There are a couple of adaptations your provider might make during an abortion procedure if they know you have a bleeding disorder. Mainly, they might change the type of instrument used to grasp your cervix. They might recommend you have IV anesthesia instead of placing a numbing injection around the cervix. Even very small tissue injections can have oozing, which can take longer to stop in people with bleeding disorders.
After an abortion, most people bleed for up to three weeks. Bleeding is usually moderate to heavy for the first few days and includes passing some clots. After that, it tapers off. It might be heavier or last a little longer in people who usually have heavier periods. If you are worried, call your provider.
Finally, the main pain medications advised after abortion are usually ibuprofen or naproxen, both of which can interfere with platelet action and are not advised for people with bleeding disorders. You might ask your provider to write a prescription for a nonselective anti-inflammatory such as celecoxib, which is helpful for cramping and does not affect platelets.
In summary, this is the advice I offer for people with bleeding disorders seeking an abortion:
- Staying pregnant has higher risks for bleeding, so your decision to proceed with termination should not be based on your bleeding disorder.
- Procedures for abortion and miscarriage carry similar bleeding risks, and they are very low overall.
- Uterine evacuation should be performed in a place that can manage any extra bleeding quickly.

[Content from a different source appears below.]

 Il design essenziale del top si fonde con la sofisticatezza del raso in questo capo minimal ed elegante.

- Tell the scheduler that you have a bleeding disorder to make sure you are scheduled in the right place.
- The ideal location should be individualized and does not always need to be a hospital.
- Medication abortion is not recommended in most cases.

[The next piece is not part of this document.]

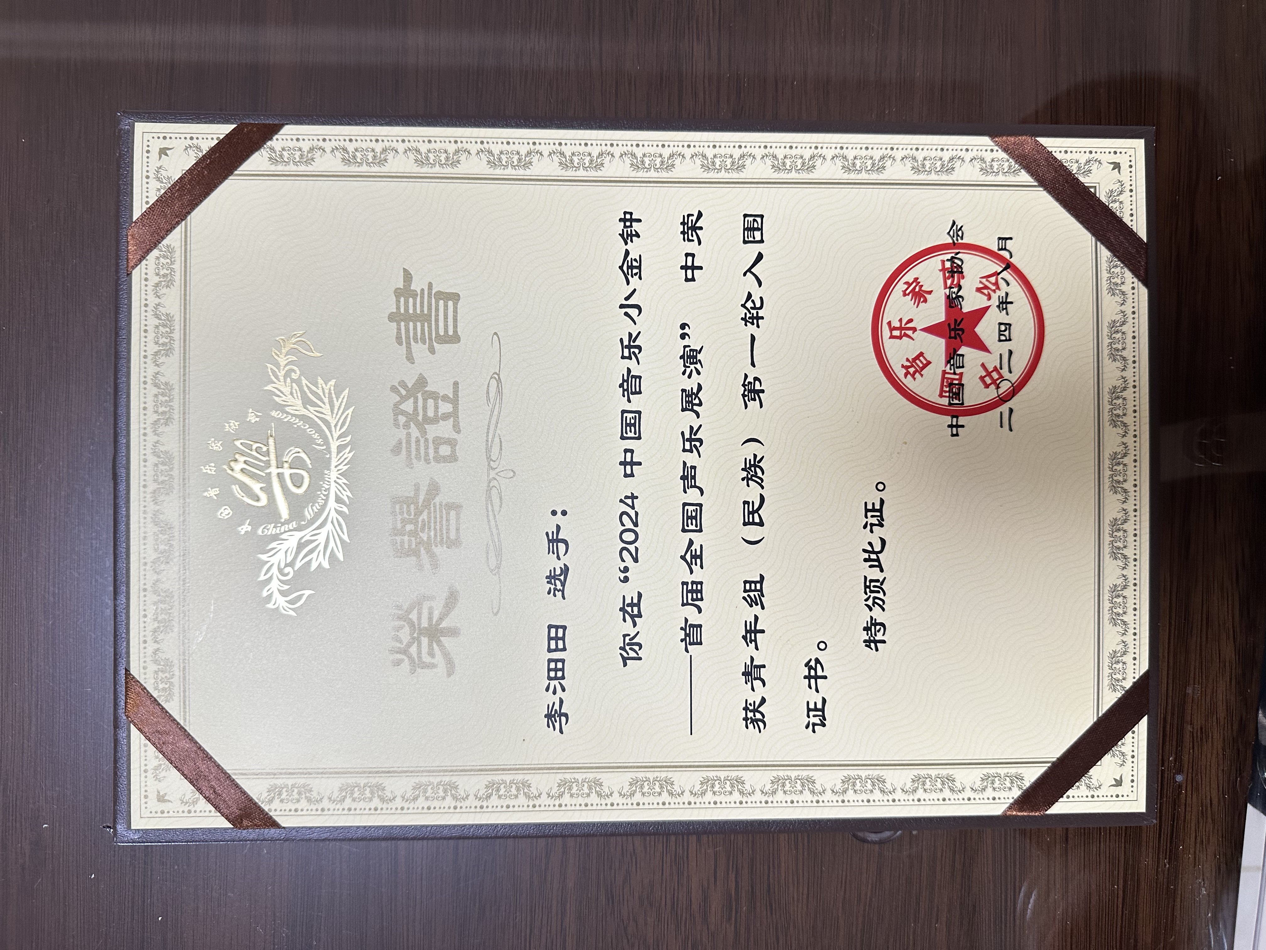 获奖名称:2024中国音乐小金钟首届全国声乐展演

- Use of your usual pre-procedure prophylaxis such as DDAVP* or tranexamic acid (TXA) could be helpful.
- COX-2-specific nonsteroidal anti-inflammatory drugs are preferred over opioids for post-procedure cramping if nonselective COX inhibitors such as ibuprofen are not recommended.
- If you are calling with a concern about bleeding after your procedure, be sure to mention that you have a bleeding disorder.

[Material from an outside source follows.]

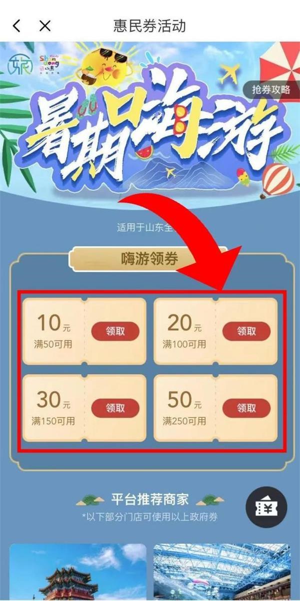 由省文化和旅游廳主辦的第五屆山東文化和旅游惠民消費(fèi)季期間,為更好滿足市民暑期出游需求,“花得少,玩得好”,作為官方指定發(fā)券平臺(tái),云游齊魯智慧文旅平臺(tái)(一部手機(jī)游山東)推出“萬券齊發(fā),惠游齊魯”文旅惠民消費(fèi)活動(dòng)。即日起至10月底,登錄“云游齊魯”APP及微信小程序的惠民消費(fèi)專區(qū),領(lǐng)取專屬文旅惠民消費(fèi)券,即可參與活動(dòng),景區(qū)門票最高優(yōu)惠50元。

Washington Center for Bleeding Disorders, Seattle; Professor of Medicine/Hematology, University of Washington
Women and adolescent girls with bleeding disorders can safely undergo pregnancy termination with bleeding disorder care. What, if any, treatment is needed for their bleeding disorder will depend on the type and severity of the disorder, their bleeding history and the specific procedure they are having.
In most circumstances, the termination would be viewed medically as a minor procedure, and precautions and treatment would be like those for other minor procedures. Additionally, in many circumstances, antifibrinolytic therapy, such as tranexamic acid, will provide sufficient hemostasis (stopping the flow of blood), but women with more severe disease may also require desmopressin or factor replacement therapy, depending on their disorder.
Typically, a woman would treat prior to the procedure with what is needed for her specific disorder and continue treatment after the procedure, often with antifibrinolytic therapy alone, for several days afterward. Von Willebrand factor and factor VIII levels increase with pregnancy. However, levels early in pregnancy are usually not increased sufficiently to preclude the need for treatment.
It is important that women communicate with their hemophilia treatment center (HTC) or bleeding disorder care provider prior to the procedure so that appropriate care and monitoring of their bleeding disorder can be instituted.
*DDAVP (Stimate, concentrated intranasal desmopressin) is not available, but a substitute drug is available through HTCs that are participating in a program with the Hemophilia Alliance and STAQ Pharma.